American political scientist (born 1960)

Victor D. Cha (born 1960) is an American political scientist currently serving as president of the Geopolitics and Foreign Policy Department and Korea Chair at the Center for Strategic and International Studies (CSIS).

He is a former Director for Asian Affairs at the White House National Security Council (NSC) during the George W. Bush administration, with responsibility for Japan, North and South Korea, Australia, and New Zealand. He was George W. Bush's top advisor on North Korean affairs. He holds the D.S. Song-Korea Foundation Chair in Asian Studies and previously served as Director of the Asian Studies program in the Edmund A. Walsh School of Foreign Service at Georgetown University.
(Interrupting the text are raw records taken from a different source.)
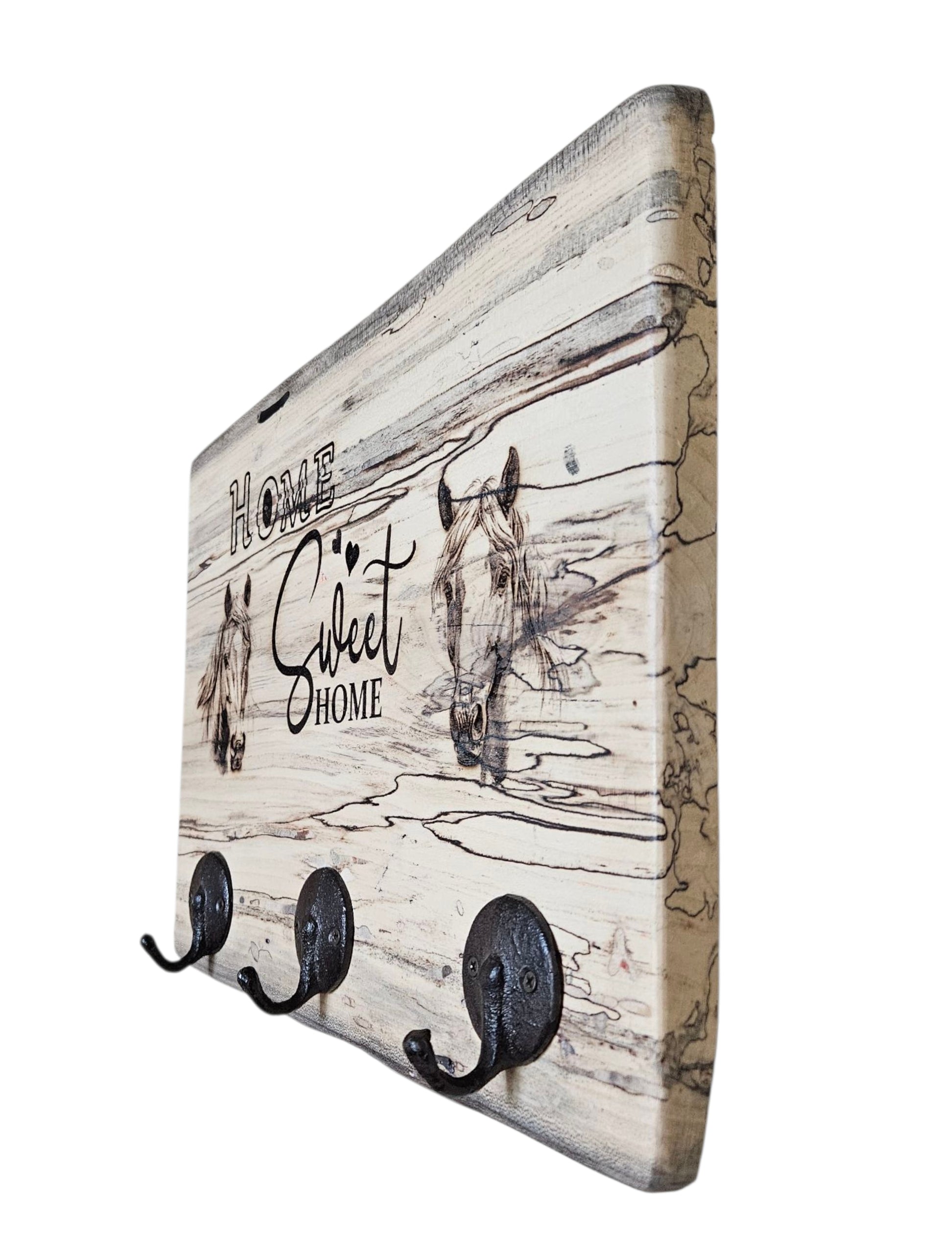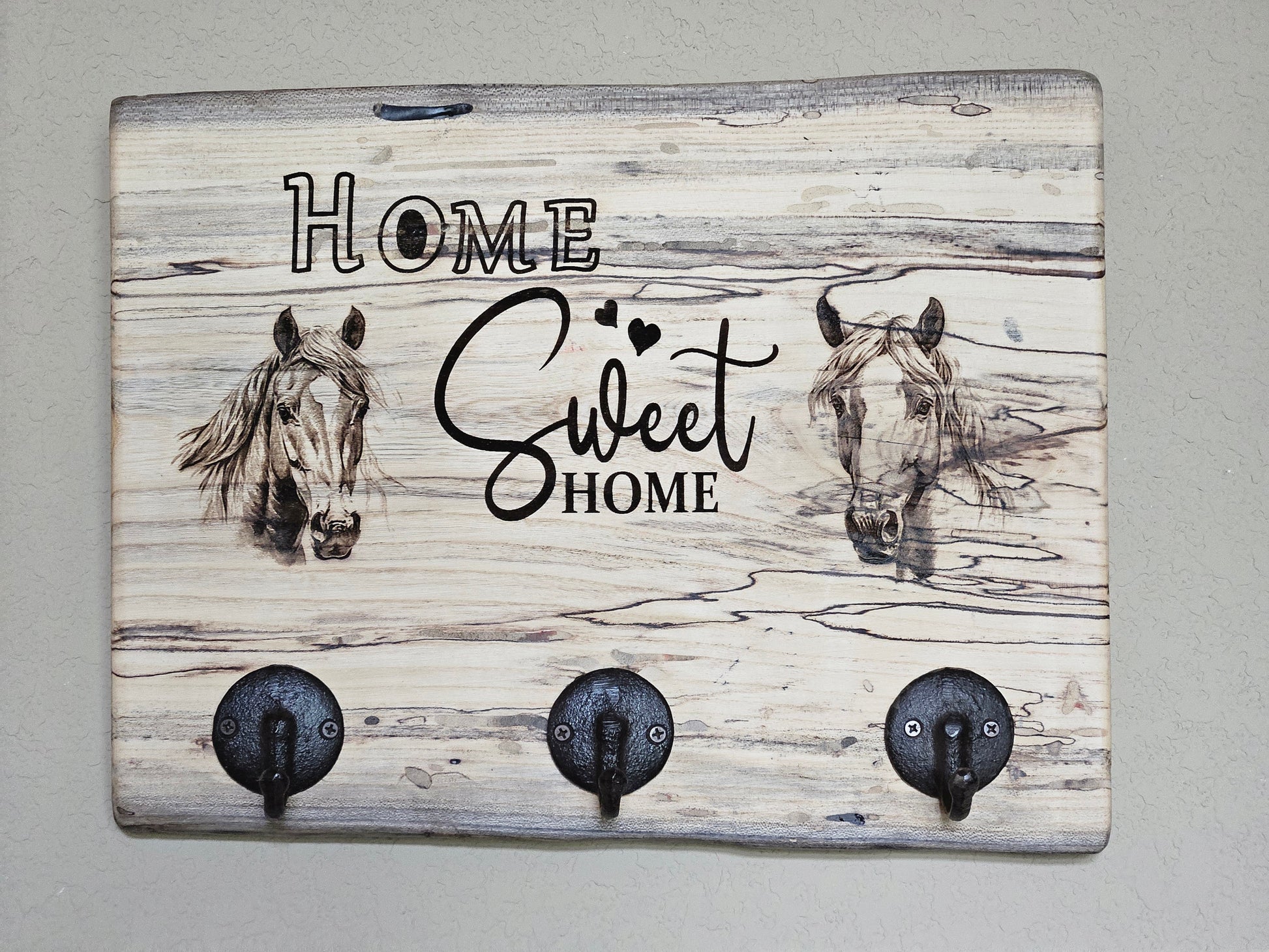 Bring rustic charm and functionality into your entryway with this handcrafted Hackberry wood key and coat rack. Featuring a naturally unique grain pattern, the piece is beautifully engraved with two detailed horse illustrations and the heartfelt phrase “Home Sweet Home” in a mix of bold and script fonts.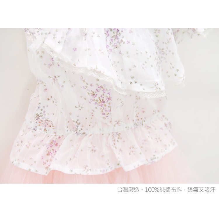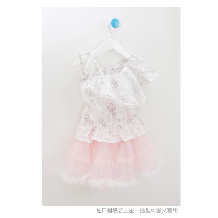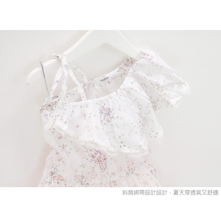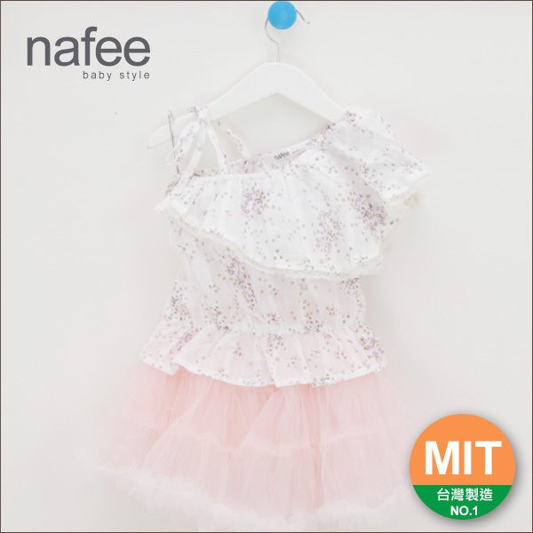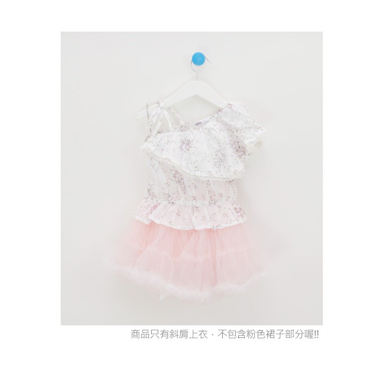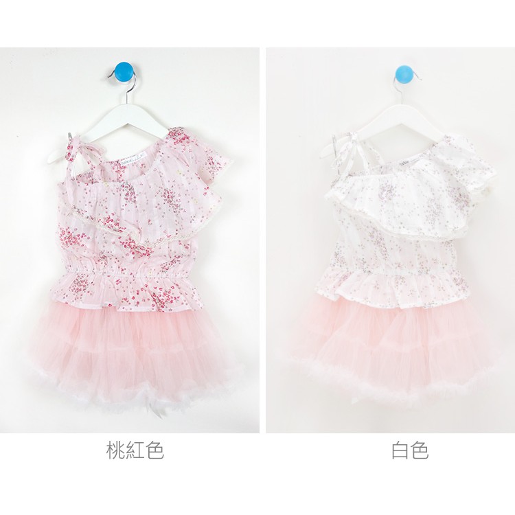 童裝 台灣製 設計款 上衣純棉(白色/桃紅色)小花斜肩大荷葉領綁帶造型設計鬆緊下襬上衣 台灣製造 nafee精品童裝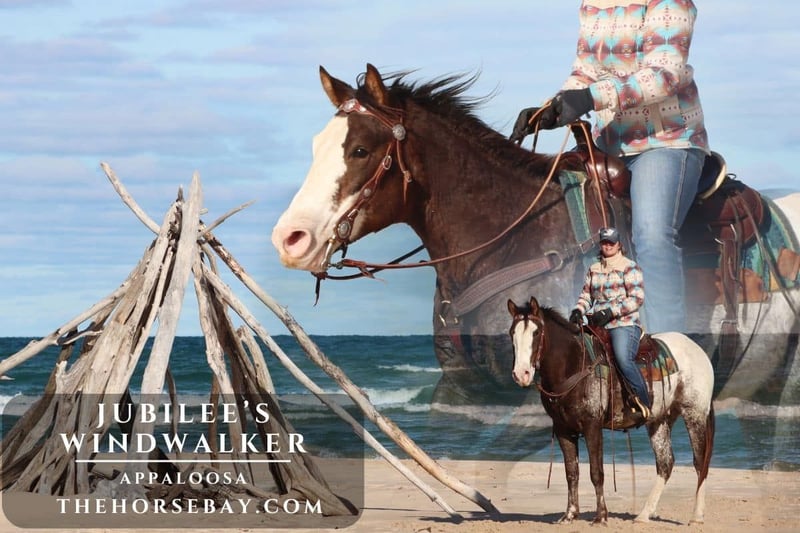 Jubilee’s Windwalker ist sein eingetragener Name. Er ist ein uriger, traditioneller Appaloosa mit alten Linien. Er stammt also von den guten Linien ab, die für ausgeglichene Köpfe, ruhiges Temperament und kräftige, kompakte Körper bekannt sind. Er ist muskulös, mit dicken Beinen und großen Füßen und kann problemlos auch einen größeren Reiter tragen. Er ist 1,52 m groß. Und er ist einfach umwerfend schön, besonders mit seinem Snow Cap-Decke. Wir besitzen Windwalker seit seiner Fohlenzeit, deshalb ist er für uns etwas ganz Besonderes. Schon von klein auf haben wir gespürt, dass er etwas Besonderes ist. Er war immer entspannt, anhänglich und hat eine so liebevolle, sanfte Seele. Er ist erst vier Jahre alt, wird aber im Januar fünf, und er ist der Typ, der immer zuverlässig ist. Bei den meisten jungen Pferden darf man nicht zu lange Pausen zwischen den Ritten machen. Während ich nicht sagen würde, man soll ihn einfach stehen lassen, weil er das Trailfahren liebt, ist er der Typ, den wir auch mal ein paar Monate in der Weide lassen können. Wenn wir ihn dann wieder holen, ist er genau so gelassen wie vorher. Er zeigt niemals Anzeichen von Unruhe oder schlechtem Verhalten. Ich konnte ihn schon mehrere Monate in der Weide lassen, ihn dann holen, satteln und sofort losreiten – ohne Probleme. Er ist einfach so brav und ruhig. Er hat vorbildliche Bodenmanieren. Er steht ruhig beim Anlegen des Sattels und beim Aufsteigen. Er lässt sich problemlos in den Anhänger verladen und wieder ausladen. Er fährt angenehm im Hänger. Mit seinen Weidegenossen kommt er gut aus. Und er ist leicht zu fangen. Seine freundliche, anhängliche Art ist wirklich angenehm. Man könnte denken, das sei manchmal vielleicht zu anhänglich, doch das ist kein Problem. Wenn wir mit dem Traktor zu seiner Weide fahren, lässt er ihn nicht in Ruhe. Er möchte ihm immer folgen, was es manchmal schwierig macht, die Arbeiten zu erledigen. Er ist manchmal etwas zu freundlich. Er hat keine Angst vor Verkehr. Er folgt nicht nur dem Traktor, sondern auch dem Quad auf der Weide und lässt sich sogar am Führstrick vom Quad ziehen. Seine Weide liegt etwas weiter weg, deshalb holen wir ihn oft mit dem Quad, um ihn zum Reiten zu bringen. Und immer wenn er uns kommen sieht, läuft er zur Weidegatter und wartet schon auf uns.

==Early life and education==
Cha's father came to the U.S. from South Korea to study at Columbia University in 1954. Cha was born in the early 1960s in the United States. He received a BA in economics from Columbia University in 1983, an MA in philosophy, politics, and economics from Hertford College, Oxford, in 1986, an MIA from Columbia, and a PhD in political science from Columbia in 1994 with a dissertation titled Alignment despite antagonism: Japan and Korea as quasi-allies.

==Career==

Cha is a former John M. Olin National Security Fellow at Harvard University, two-time Fulbright Scholar, Hoover National Fellow, and Center for International Security and Cooperation (CISAC) Fellow at Stanford University.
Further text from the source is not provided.